— MATERIAL SUPPLIED —
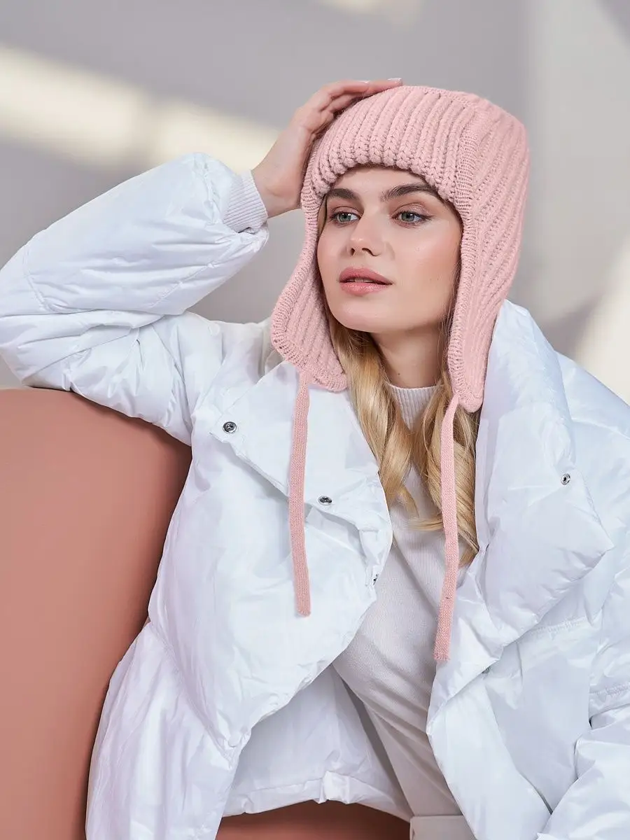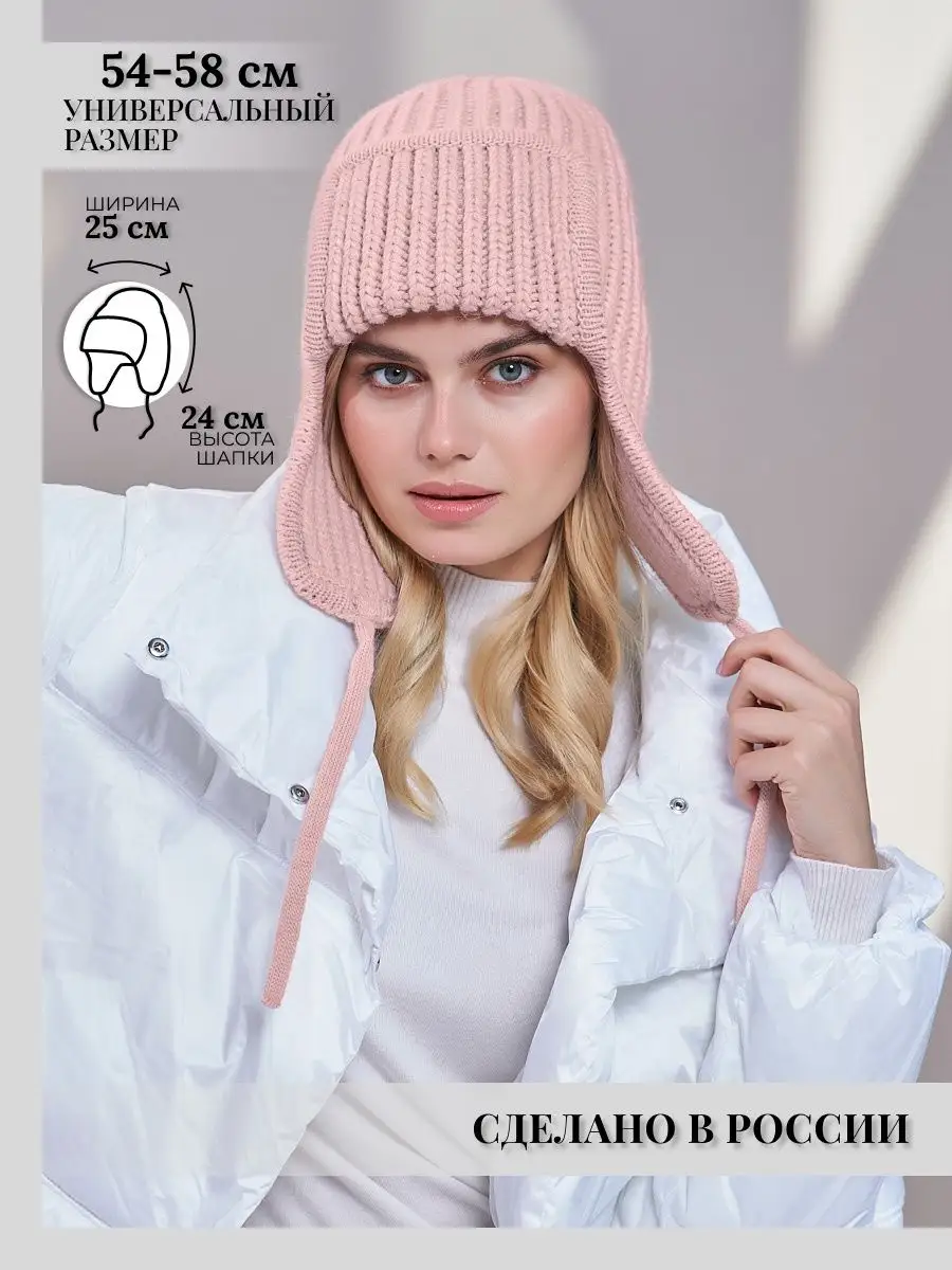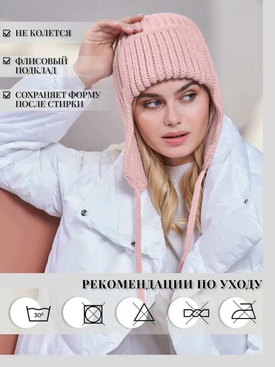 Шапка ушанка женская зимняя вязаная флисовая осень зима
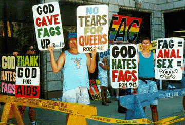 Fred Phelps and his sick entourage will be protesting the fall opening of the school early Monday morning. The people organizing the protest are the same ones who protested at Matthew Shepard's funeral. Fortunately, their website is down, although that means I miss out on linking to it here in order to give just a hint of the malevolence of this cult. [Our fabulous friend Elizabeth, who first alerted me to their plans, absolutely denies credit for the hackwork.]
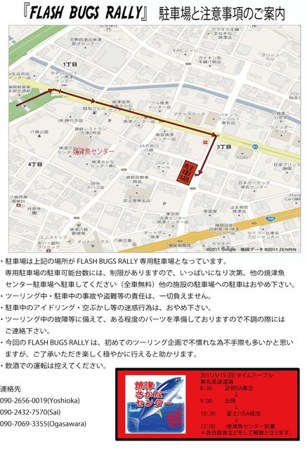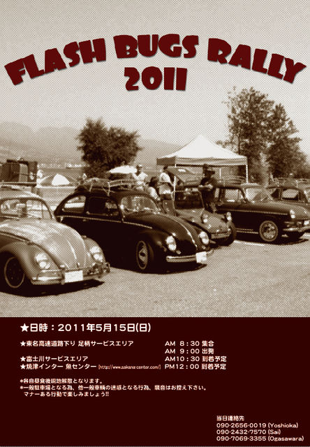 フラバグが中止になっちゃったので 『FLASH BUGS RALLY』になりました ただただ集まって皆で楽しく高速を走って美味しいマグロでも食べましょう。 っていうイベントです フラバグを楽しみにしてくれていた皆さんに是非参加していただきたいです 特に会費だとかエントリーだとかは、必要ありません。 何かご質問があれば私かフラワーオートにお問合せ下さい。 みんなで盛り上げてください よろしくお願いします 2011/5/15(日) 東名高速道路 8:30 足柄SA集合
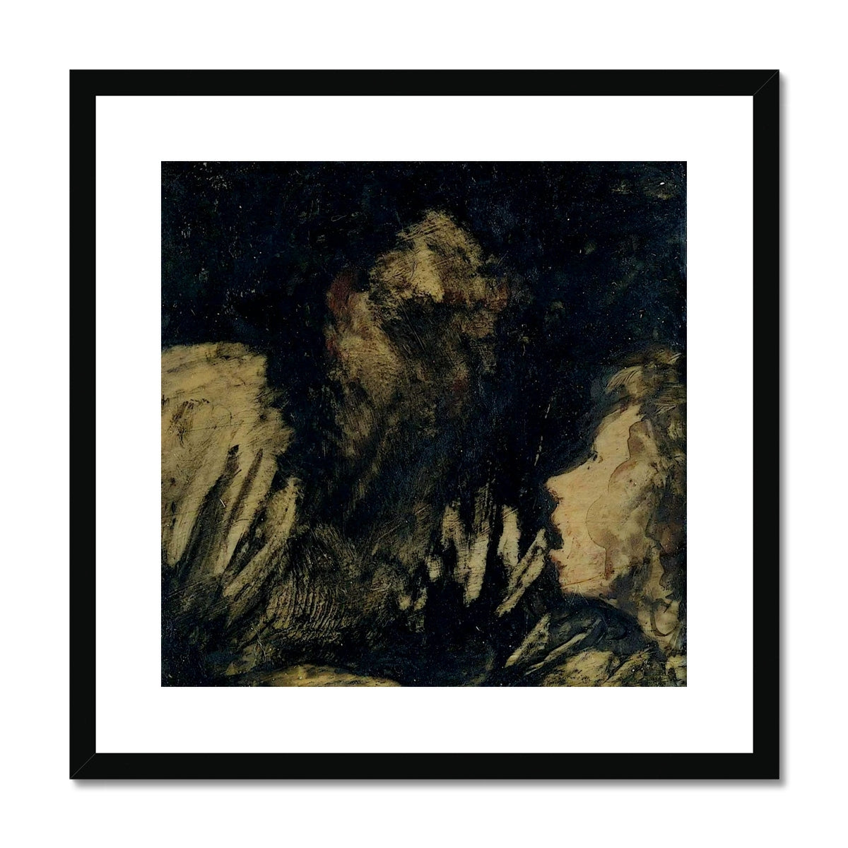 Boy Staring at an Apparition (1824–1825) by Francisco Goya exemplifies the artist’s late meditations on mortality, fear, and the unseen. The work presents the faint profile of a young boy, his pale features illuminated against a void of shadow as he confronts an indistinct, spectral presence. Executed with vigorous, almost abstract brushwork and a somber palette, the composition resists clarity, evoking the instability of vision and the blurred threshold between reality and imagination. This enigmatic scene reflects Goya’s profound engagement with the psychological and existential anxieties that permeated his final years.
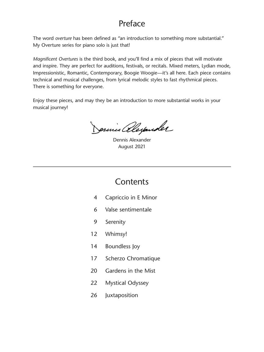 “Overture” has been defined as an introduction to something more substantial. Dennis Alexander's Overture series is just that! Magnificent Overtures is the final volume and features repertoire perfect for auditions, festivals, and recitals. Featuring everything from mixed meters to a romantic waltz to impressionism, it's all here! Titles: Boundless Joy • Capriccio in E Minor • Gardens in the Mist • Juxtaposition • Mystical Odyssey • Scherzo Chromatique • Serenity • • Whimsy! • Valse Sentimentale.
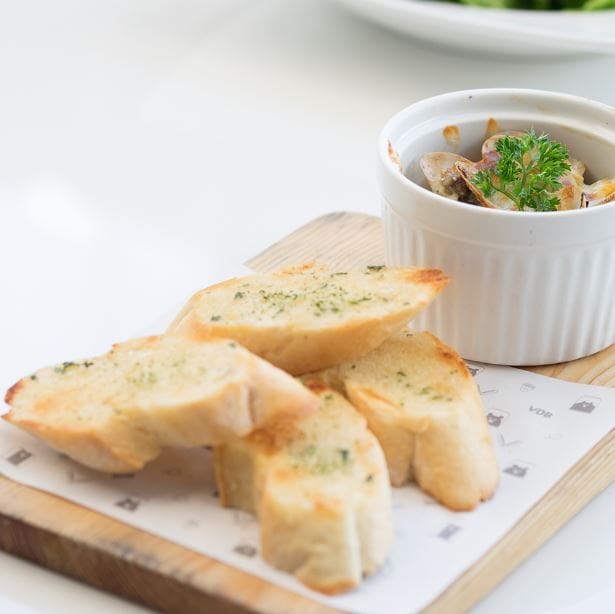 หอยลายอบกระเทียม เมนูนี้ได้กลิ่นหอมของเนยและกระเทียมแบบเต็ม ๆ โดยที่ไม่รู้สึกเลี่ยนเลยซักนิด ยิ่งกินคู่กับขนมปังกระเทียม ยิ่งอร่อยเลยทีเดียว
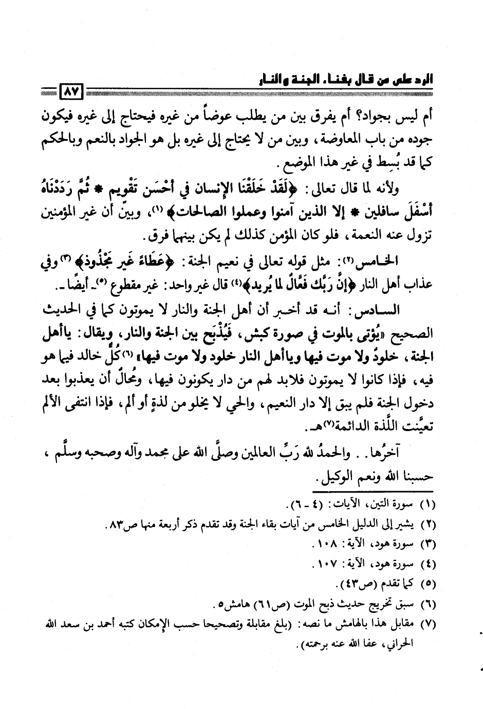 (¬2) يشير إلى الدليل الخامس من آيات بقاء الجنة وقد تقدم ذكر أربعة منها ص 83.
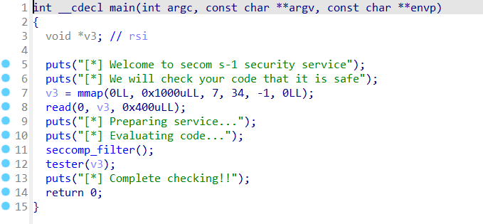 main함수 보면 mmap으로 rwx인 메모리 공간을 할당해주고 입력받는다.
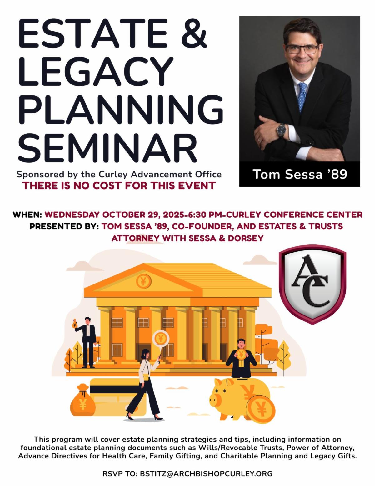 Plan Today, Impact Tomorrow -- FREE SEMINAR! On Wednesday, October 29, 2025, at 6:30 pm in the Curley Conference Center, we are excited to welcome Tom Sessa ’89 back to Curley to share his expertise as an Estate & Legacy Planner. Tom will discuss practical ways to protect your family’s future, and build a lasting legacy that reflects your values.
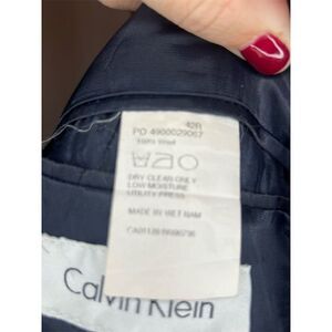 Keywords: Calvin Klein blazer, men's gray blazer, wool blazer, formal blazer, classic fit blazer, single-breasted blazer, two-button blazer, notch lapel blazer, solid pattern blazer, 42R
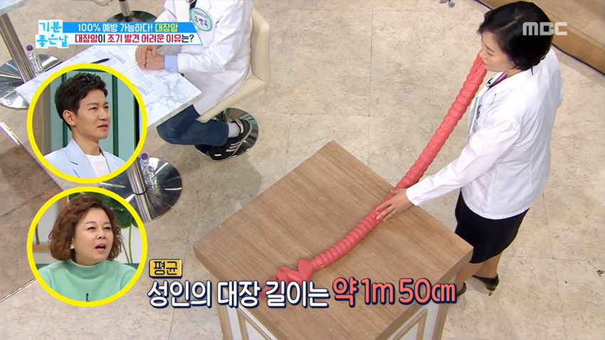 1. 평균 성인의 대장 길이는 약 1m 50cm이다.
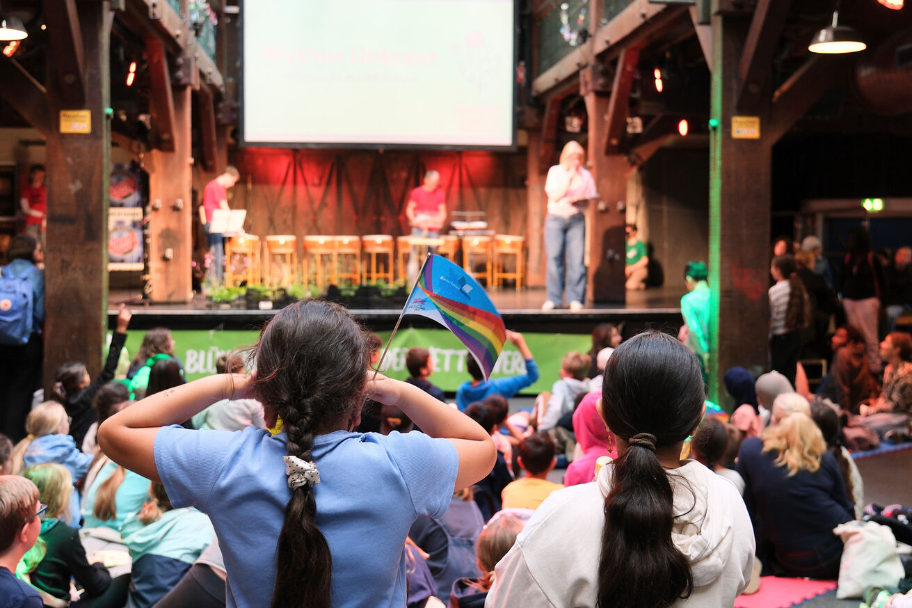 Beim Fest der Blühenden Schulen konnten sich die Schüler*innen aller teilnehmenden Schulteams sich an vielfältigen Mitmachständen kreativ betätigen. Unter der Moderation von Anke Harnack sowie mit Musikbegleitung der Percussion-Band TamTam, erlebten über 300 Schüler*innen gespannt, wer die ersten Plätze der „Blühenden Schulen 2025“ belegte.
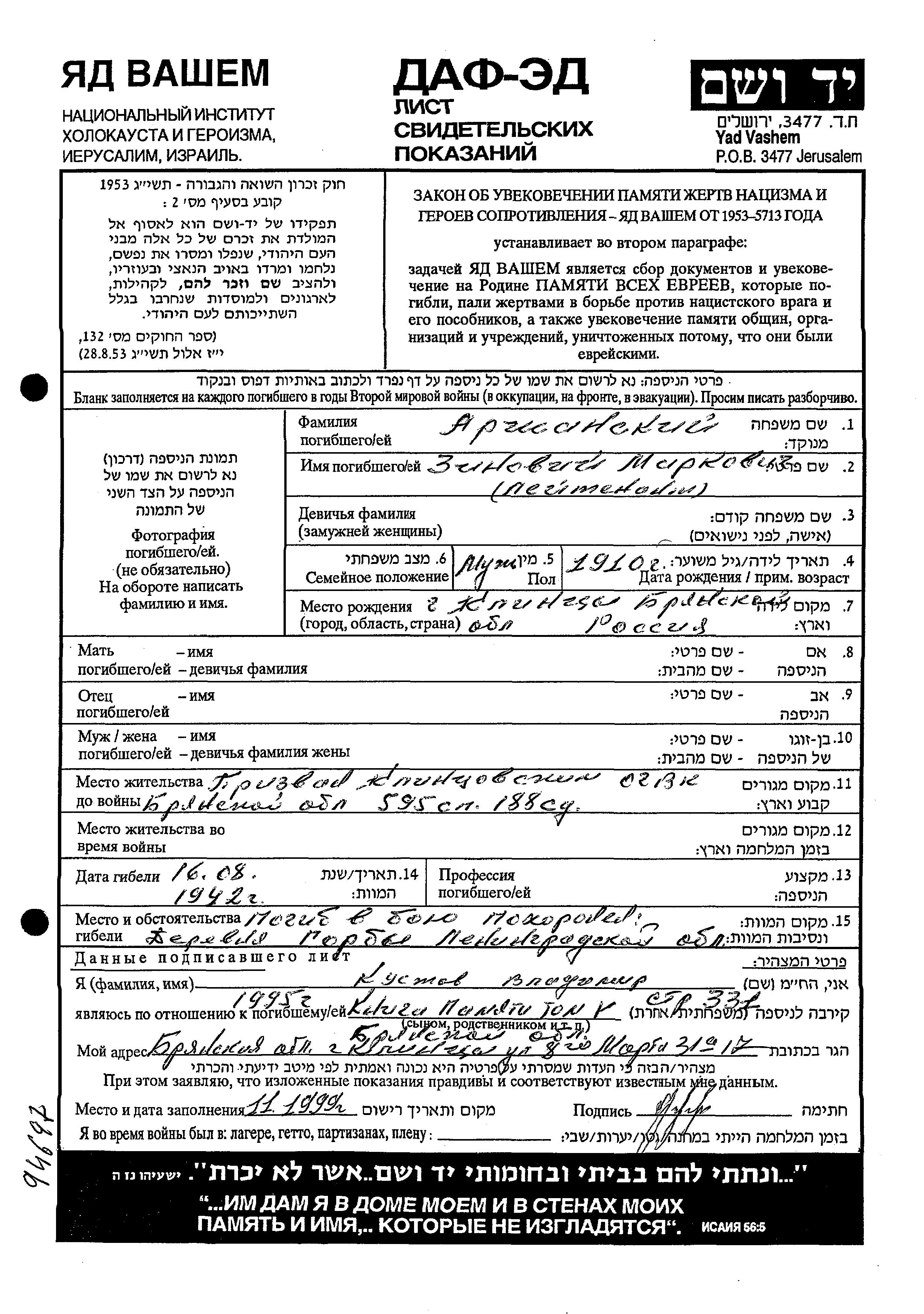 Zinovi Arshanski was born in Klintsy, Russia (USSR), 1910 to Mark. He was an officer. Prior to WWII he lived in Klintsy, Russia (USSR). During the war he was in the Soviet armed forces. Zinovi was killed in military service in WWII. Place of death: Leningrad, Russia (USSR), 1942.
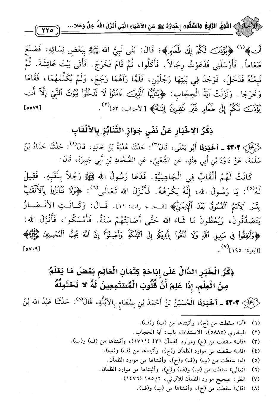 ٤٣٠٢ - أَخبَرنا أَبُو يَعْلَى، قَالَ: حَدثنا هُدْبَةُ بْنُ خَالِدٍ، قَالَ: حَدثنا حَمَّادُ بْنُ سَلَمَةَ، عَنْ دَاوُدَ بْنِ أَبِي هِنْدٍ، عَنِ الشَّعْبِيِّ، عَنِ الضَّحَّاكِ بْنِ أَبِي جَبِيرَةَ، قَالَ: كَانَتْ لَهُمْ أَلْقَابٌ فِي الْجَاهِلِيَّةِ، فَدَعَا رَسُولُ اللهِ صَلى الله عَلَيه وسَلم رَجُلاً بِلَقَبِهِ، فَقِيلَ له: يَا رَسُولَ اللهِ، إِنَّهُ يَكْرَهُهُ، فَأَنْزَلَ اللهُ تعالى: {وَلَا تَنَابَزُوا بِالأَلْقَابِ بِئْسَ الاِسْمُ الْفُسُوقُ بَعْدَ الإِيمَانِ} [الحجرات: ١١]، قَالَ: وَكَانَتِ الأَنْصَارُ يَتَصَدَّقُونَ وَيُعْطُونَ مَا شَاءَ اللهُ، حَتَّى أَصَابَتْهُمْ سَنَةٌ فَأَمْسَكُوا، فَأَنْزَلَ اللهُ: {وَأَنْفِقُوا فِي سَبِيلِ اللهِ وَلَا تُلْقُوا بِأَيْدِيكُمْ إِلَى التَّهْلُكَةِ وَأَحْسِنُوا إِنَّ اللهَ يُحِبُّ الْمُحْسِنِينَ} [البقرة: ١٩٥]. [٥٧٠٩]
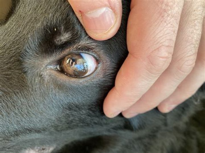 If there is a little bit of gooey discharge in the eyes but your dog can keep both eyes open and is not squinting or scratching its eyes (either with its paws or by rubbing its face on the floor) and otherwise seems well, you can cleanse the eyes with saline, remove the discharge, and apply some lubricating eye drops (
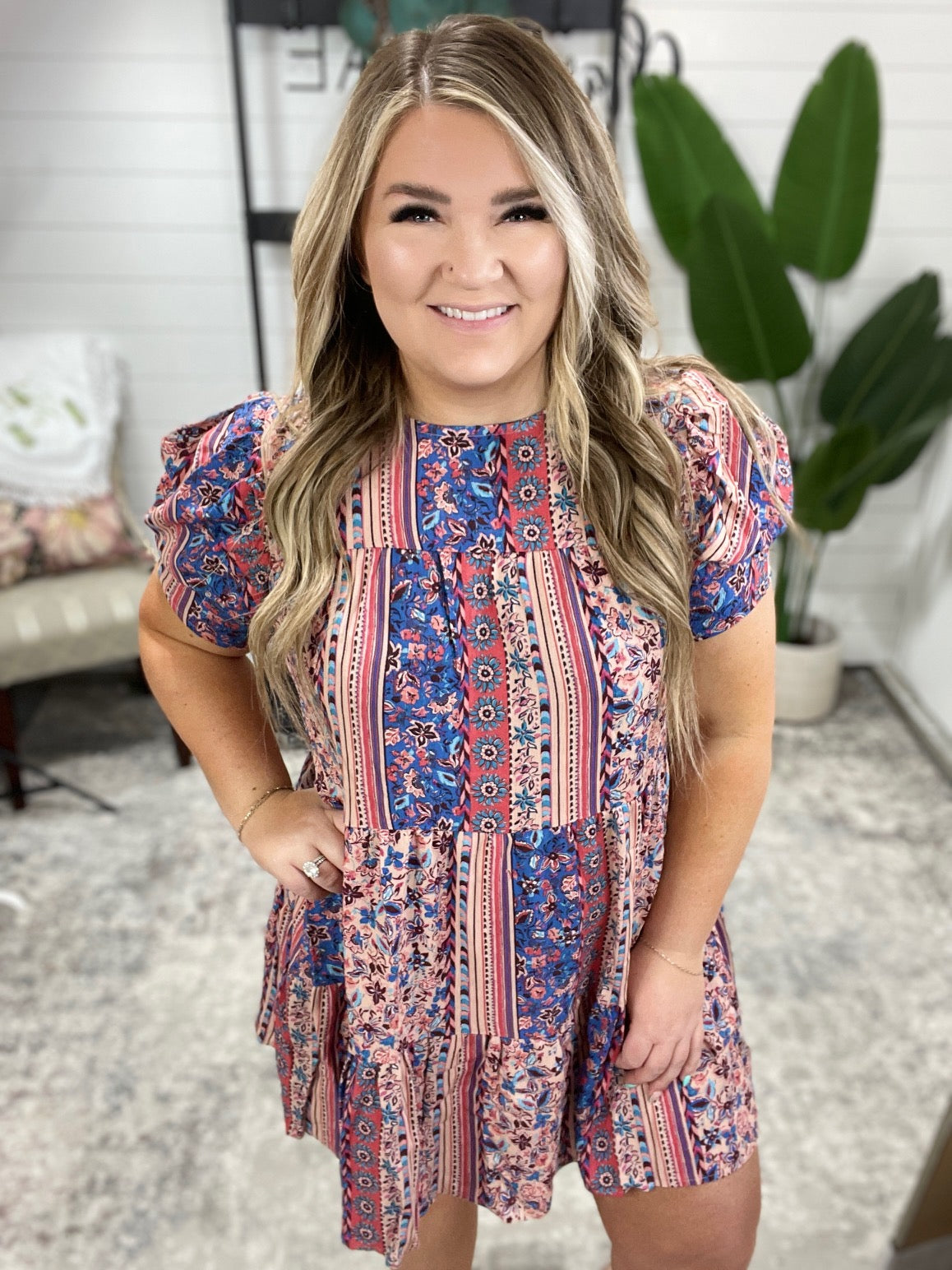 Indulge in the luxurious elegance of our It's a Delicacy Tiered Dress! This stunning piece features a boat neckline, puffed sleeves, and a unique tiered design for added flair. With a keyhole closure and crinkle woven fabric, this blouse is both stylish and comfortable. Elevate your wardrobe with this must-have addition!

— WHAT THE EXERCISE ASKS —
From the line containing "Fred Phelps and" through the line containing "Boy Staring at", copy every line above exactly, without pictures.

— ANSWER SPACE —
 Fred Phelps and his sick entourage will be protesting the fall opening of the school early Monday morning. The people organizing the protest are the same ones who protested at Matthew Shepard's funeral. Fortunately, their website is down, although that means I miss out on linking to it here in order to give just a hint of the malevolence of this cult. [Our fabulous friend Elizabeth, who first alerted me to their plans, absolutely denies credit for the hackwork.]
 フラバグが中止になっちゃったので 『FLASH BUGS RALLY』になりました ただただ集まって皆で楽しく高速を走って美味しいマグロでも食べましょう。 っていうイベントです フラバグを楽しみにしてくれていた皆さんに是非参加していただきたいです 特に会費だとかエントリーだとかは、必要ありません。 何かご質問があれば私かフラワーオートにお問合せ下さい。 みんなで盛り上げてください よろしくお願いします 2011/5/15(日) 東名高速道路 8:30 足柄SA集合
 Boy Staring at an Apparition (1824–1825) by Francisco Goya exemplifies the artist’s late meditations on mortality, fear, and the unseen. The work presents the faint profile of a young boy, his pale features illuminated against a void of shadow as he confronts an indistinct, spectral presence. Executed with vigorous, almost abstract brushwork and a somber palette, the composition resists clarity, evoking the instability of vision and the blurred threshold between reality and imagination. This enigmatic scene reflects Goya’s profound engagement with the psychological and existential anxieties that permeated his final years.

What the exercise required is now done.